La mattina che la signora Villa e le Maiocchi, mamma e figlia, eran venute in casa Marulli per vedere il corredo arrivato da Milano e da Vienna, Giacinta, più pallida del solito, con gli occhi infossati, pareva avesse pianto.

— Che hai? — le domandò la signora Villa.

— Nulla. Sto bene.

— Bene?... Ma se non ti si riconosce!

— Un po’ di mal di capo... Nient’altro.

La Maiocchi aveva tirata la signora Teresa verso la finestra, mentre Elisa e la Villa mettevano sossopra mucchi di biancheria:

— Bada, Teresa! Quella ragazza si lascerebbe morire prima di dirti di no. Ma questo matrimonio..., non vedi?...

— È lei che l’ha voluto!

La signora Teresa s’irritava:

— Ve la prendete con me! Credete dunque che io menta?

— È proprio inesplicabile!

— Giulia, vieni qui; guarda che bellezza!
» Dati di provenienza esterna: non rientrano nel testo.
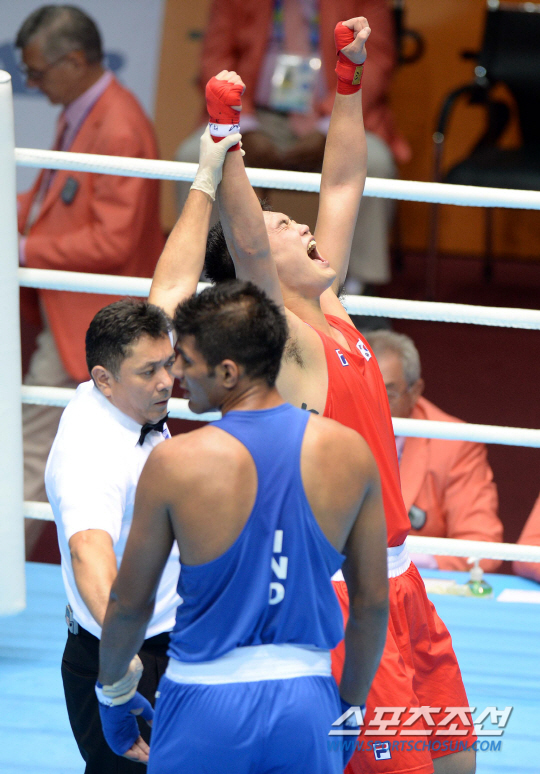2014 인천 아시안게임 복싱 남자 - 91㎏ 헤비급 박남형이 인도의 암리프릿 사이와 16강 경기를 펼쳤다. 26일 인천 선학체육관에서 열린 박남형과 인도의 암리프릿 사이의 경기에서 박남형이 판정승을 거뒀다. 심판의 판정이 내려지자 기뻐하는 박남형의 모습.

La signora Villa era in estasi davanti a certe camicie di Vienna. E la Maiocchi lodava, ammirava anche lei, facendo delle crollatine di testa, stringendo un pochino le labbra, e intanto osservava Giacinta di sbieco:

— Povera ragazza! Si consuma dal cordoglio di sposare quel grullo... A chi vuol darla a intendere sua madre?

— Bellissimo! Elegantissimo! Una magnificenza!